Alpha-synuclein is involved in the development and progression of Parkinson’s disease unequivocally. Our preliminary data has suggested that there were several alpha-synuclein splicing variants/isoforms in human cerebrospinal fluid (CSF) and plasma. Additionally, the alpha-synuclein splicing variants/isoforms in CSF were different from those in plasma. Thus, the goal of this study is 1) to characterize the alpha-synuclein splicing variants/isoforms in both CSF and plasma, and 2) to test whether they can be used as biomarkers for PD diagnosis as well as its progression, including development of “non-motor” symptoms, e.g. dementia.
Three steps will be taken to accomplish the stated goals. First, various isoforms of alpha-synuclein will be purified from CSF and plasma, followed by the characterization of the proteins with state-of-the-art proteomics. Next, we will ask whether changes in relative abundance of these proteins in CSF correlate with the state and/or stage of PD (by comparing the CSF samples of PD at different stages with age matched controls and patients with other neurodegenerative diseases). Finally, a similar study will be carried out in human plasma. Markers demonstrating high sensitivity and specificity in PD diagnosis and progression will be developed into to be more user friendly for practical use.

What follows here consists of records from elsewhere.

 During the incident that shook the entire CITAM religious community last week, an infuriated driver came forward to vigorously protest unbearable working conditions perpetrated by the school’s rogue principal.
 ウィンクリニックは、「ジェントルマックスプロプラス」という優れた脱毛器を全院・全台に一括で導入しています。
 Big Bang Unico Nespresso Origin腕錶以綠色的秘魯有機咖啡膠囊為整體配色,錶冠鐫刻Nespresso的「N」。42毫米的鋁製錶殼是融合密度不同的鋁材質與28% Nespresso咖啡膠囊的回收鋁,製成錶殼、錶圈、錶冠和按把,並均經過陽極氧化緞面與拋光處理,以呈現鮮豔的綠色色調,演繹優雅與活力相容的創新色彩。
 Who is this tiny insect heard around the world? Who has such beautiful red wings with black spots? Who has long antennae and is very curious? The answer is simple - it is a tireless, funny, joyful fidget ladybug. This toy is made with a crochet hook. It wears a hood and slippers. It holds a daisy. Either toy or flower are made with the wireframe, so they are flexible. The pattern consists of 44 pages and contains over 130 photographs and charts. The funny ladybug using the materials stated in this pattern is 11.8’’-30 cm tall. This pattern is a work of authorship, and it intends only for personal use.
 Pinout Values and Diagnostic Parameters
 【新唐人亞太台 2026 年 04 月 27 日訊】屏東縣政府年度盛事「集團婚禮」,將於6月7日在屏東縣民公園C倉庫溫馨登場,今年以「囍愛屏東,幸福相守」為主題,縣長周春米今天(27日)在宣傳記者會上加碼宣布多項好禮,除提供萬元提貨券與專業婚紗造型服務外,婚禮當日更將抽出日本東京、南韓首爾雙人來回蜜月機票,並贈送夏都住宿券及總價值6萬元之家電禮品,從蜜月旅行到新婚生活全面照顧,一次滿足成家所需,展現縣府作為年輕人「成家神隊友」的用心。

Relevance to Diagnosis/Treatment of Parkinson’s Disease:
The protein/pathogenesis specific markers (alpha-synuclein splicing variants/isoforms), if identified, likely facilitate the process of developing novel neuroprotective/disease-modifying treatments for PD, selection of PD patients for clinical trials, or evaluating the effects of pharmaceutical therapies. A detailed characterization of alpha-synuclein splicing variants/isoforms may also shed more light on the pathogenesis of PD development/progression.
The project, if successful, will provide disease specific markers with high sensitivity and specificity in diagnosing PD and monitoring PD progression in user-friendly clinical settings. The uniqueness of this project includes: 1) it investigates a protein (alpha-synuclein) critically linked to PD pathogenesis as biomarkers for the disease, and 2) it emphasizes the transition of CSF candidate biomarkers to plasma that can be readily evaluated even in developing countries or in remote areas of developed countries.